The artform of film creates a space between the viewer and the viewed in a whole new way. The viewer of a painting can mediate themselves, unpack it, and view it as it is. The relationship between the viewer and the painting is direct. However, the camera becomes a mediator between the viewer and the subject of the film. The director and cameraman chose what you see, how you see it, how things are grouped, lighted, and so forth. Continuity of a film is also highly unnatural. Scenes are chopped and changes, refilmed until ‘perfect’, and reproduced into a new, synthetic unity. This art cannot mirror life like earlier artforms.
The other issue with film is how it alienates the actor from their self. They lose the audience, and in doing so, they lose self validation. The only thing they direct towards is a camera. An actor without an audience has a very different nature to an actor with an audience, and this loss of self is conferred to both the viewer and the actor. It is inorganic, the actor has a relationship with the audience when performing live, which is lost when the audience is taken away. The loss of self validation is also the loss of identity and meaning in one’s self. As we view a picture of our self, and view other people’s perceptions of us, we come to understand ourselves. The actor has no understanding of himself in front of the camera because that reciprocal self validation is lost to the vacuum of the camera. This means that the filmic art becomes a sign of the loss of self, since we validate ourselves in art, and we cannot validate ourselves in film because there is no solid subject-identity through which we can identify either.
Another way in which film is different to other art is that when we view a painting, our consciousness permeates the space of the art naturally, and in organic time. When a viewer views a film, however, the film imposes fully into the consciousness of the viewer. This not only forces the viewer into a kind of participation new to the art-viewer relationship, but halts one from thinking about the art, for thought is subsumed by the movement of the piece. If you think about a moment in a film, you lose everything that follows, and you therefore miss out on the film. To appreciate a film fully, you must desist from complex thought. Art kills thought.

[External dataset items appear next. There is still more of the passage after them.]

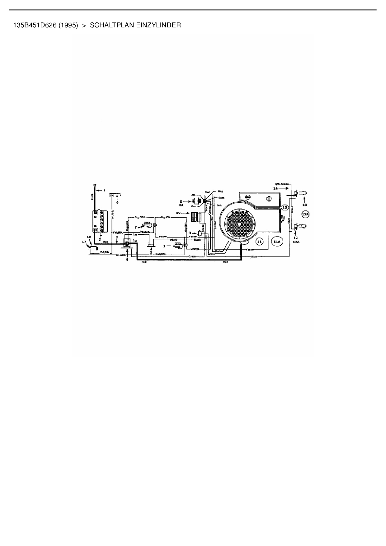 Ersatzteile für Rasentraktor Columbia 105/810 N aus der Zeichnung Schaltplan Einzylinder: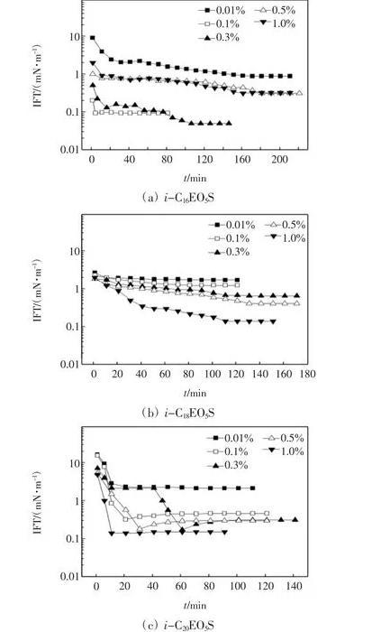 (1)本文研究的3種支鏈化脂肪醇聚氧乙烯醚磺酸鹽具有一定的降低界面張力活性,界面張力可達10-2mN/m數量級。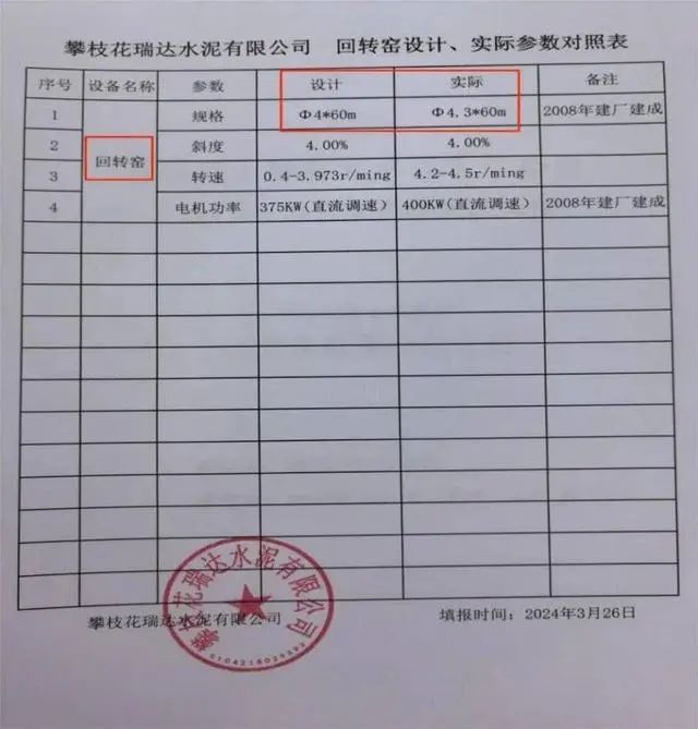 督察組發(fā)現(xiàn),當(dāng)?shù)厮嗥髽I(yè)落實(shí)相關(guān)要求存在差距。按照核準(zhǔn)產(chǎn)能,瑞達(dá)水泥應(yīng)配套建設(shè)直徑4米、裝機(jī)功率375千瓦的回轉(zhuǎn)窯,但實(shí)際建設(shè)直徑4.3米、裝機(jī)功率400千瓦的回轉(zhuǎn)窯,每日產(chǎn)能增長至3200噸、增幅28%。攀枝花市經(jīng)信部門于2020年1月公示瑞達(dá)水泥“水泥回轉(zhuǎn)窯直徑4.3米,水泥熟料實(shí)際日產(chǎn)能3200噸”,米易縣白馬工業(yè)園區(qū)管委會(huì)公示的瑞達(dá)水泥年產(chǎn)能達(dá)120萬噸,遠(yuǎn)遠(yuǎn)大于核準(zhǔn)產(chǎn)能。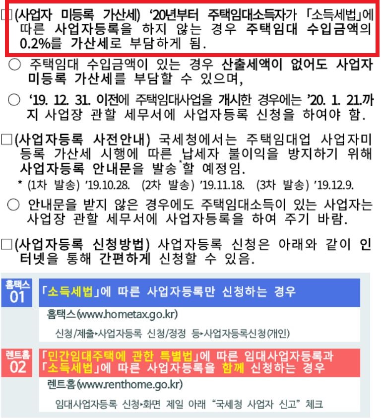 보도자료를 쭉 보시면 주택임대사업자로 등록하지 않는 임대인들에게 주택임대 수입금액의 0.2%의 미등록 가산세를 부과한다고 되어 있습니다.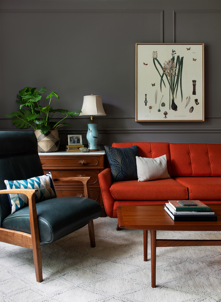 Paint | Down Pipe by Farrow & Ball • Glenn Walnut Leather Recliner | Rejuvenation • Coffee table | vintage • Pillows | The Founder Collection from Bandd Design • Sofa, rug, lamp and artwork | Client owned • Photography Molly Culver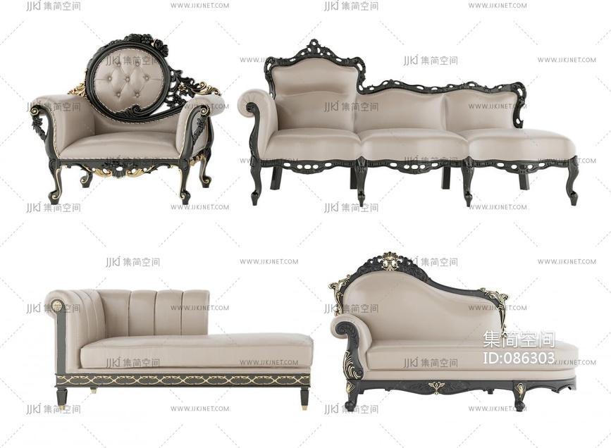 欧式古典法式贵妃椅贵妃榻,卧榻躺椅 3d模型下载 [模型ID:86303]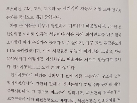 p.18 ... 가장 큰 이유는 너무나 당연하게 기후위기 때문입니다. 250년 전 산업혁명 이래로 인류는 석탄이나 석유 등의 화석연료를 너무 많이 소비함에 따라 온실가스 농도가 너무 높아져, 지구 표면 평균온도가 1.1도 올라갔습니다. 이에 사람들은 뒤늦게 위기감을 느꼈고, 다들 2050년까지 어떻게든 이산화탄소 배출량을 제로로 만들자고 합니다. 전기자동차도 그 노력 중 하나입니다. 화석연료가 부족해서 전기자동차를 개발한것이 아닌 기후위기로 인한 것이란다. 너무 많이 써서 고갈된것이 아니었다. 환경보호 차원에서 다른쪽으로 눈을 돌린것..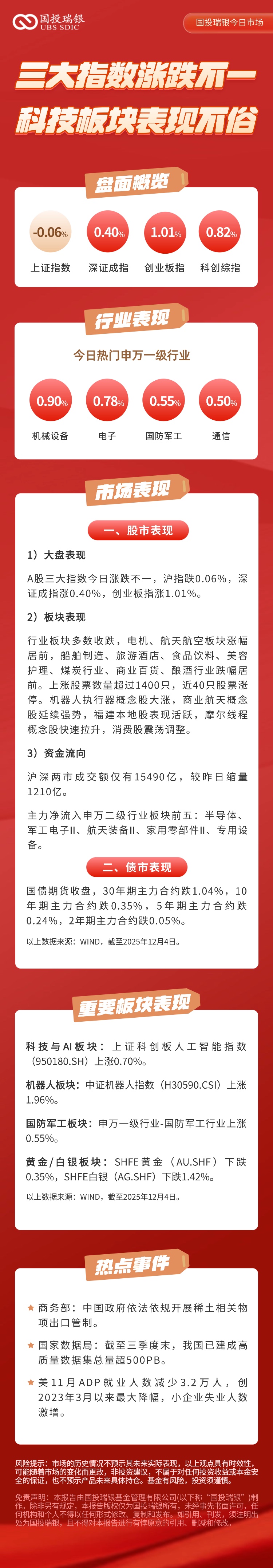 12月4日:三大指数涨跌不一,科技板块表现不俗!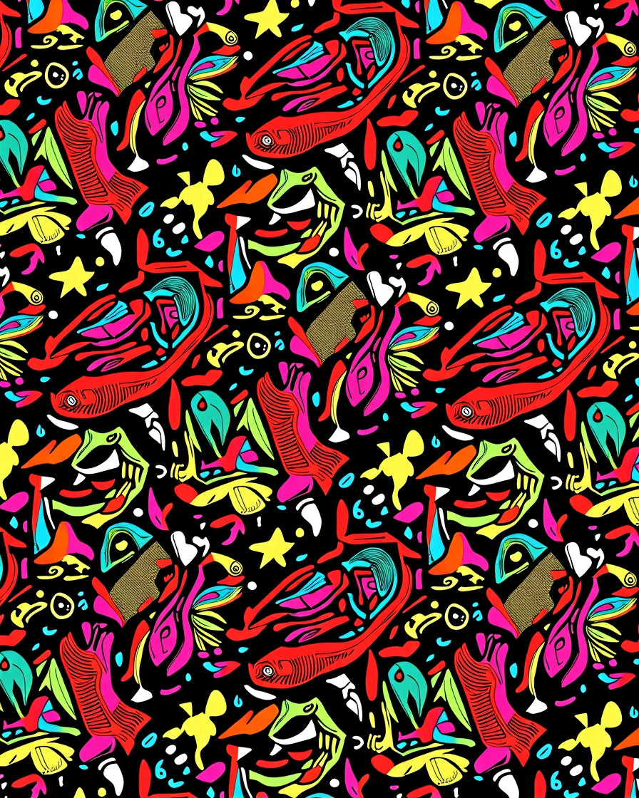 Tropical Reptile Mosaic with Exotic Fish and Motifs(Red)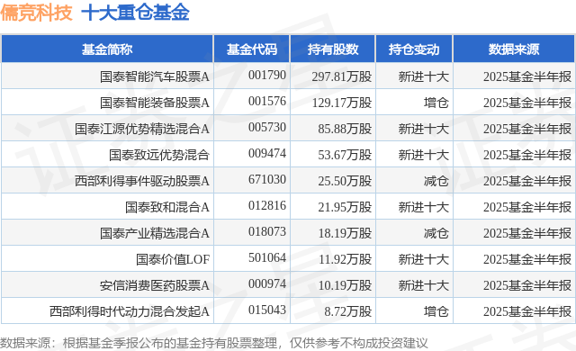 根据2025基金半年报公募基金重仓股数据,重仓该股的公募基金共13家,其中持有数量最多的公募基金为国泰基金的国泰智能汽车股票A。国泰智能汽车股票A目前规模为36.78亿元,最新净值2.563(9月29日),较上一交易日上涨4.0%,近一年上涨60.29%。该公募基金现任基金经理为王阳。王阳在任的基金产品包括:国泰智能装备股票A,管理时间为2018年11月13日至今,期间收益率为183.74%;国泰价值精选灵活配置混合A,管理时间为2019年8月15日至今,期间收益率为94.98%;国泰价值先锋股票A,管理时间为2021年3月9日至今,期间收益率为21.16%。

Benjamin claims that this makes the film the ‘art of the proletariat’ because the proletariat’s life is so hard that all they want from art is a veritable holiday. Because film is so immersive as to subsume their thought and senses, it creates, for the viewer, a ‘holiday from life’.
Artists have always sought to transcend the limits of power their mediums have, and what film directors do is take over from the Dadaist art movement. The Dada school looked to confront the barren meaninglessness of life, and film managed to minimise the meaning-subject relationship. Film became an experientially significant move on from the ‘word salad’ poetry of the Absurdists and Dadaists. Art has to mirror the meaning of the age because the meaning of the age is always captured in the art. The age of reproduction loses meaningfulness, and therefore we have reached a cultural crisis. This is where Walter Benjamin leads us to at the end of the essay. He takes the sad view that the next progression from this modern art is war, or anything which can fulfill the role of war in the art world. If meaning is lost, we must experience the anguish of loss of meaning before we move on, and this is the ultimate necessary step, he believed.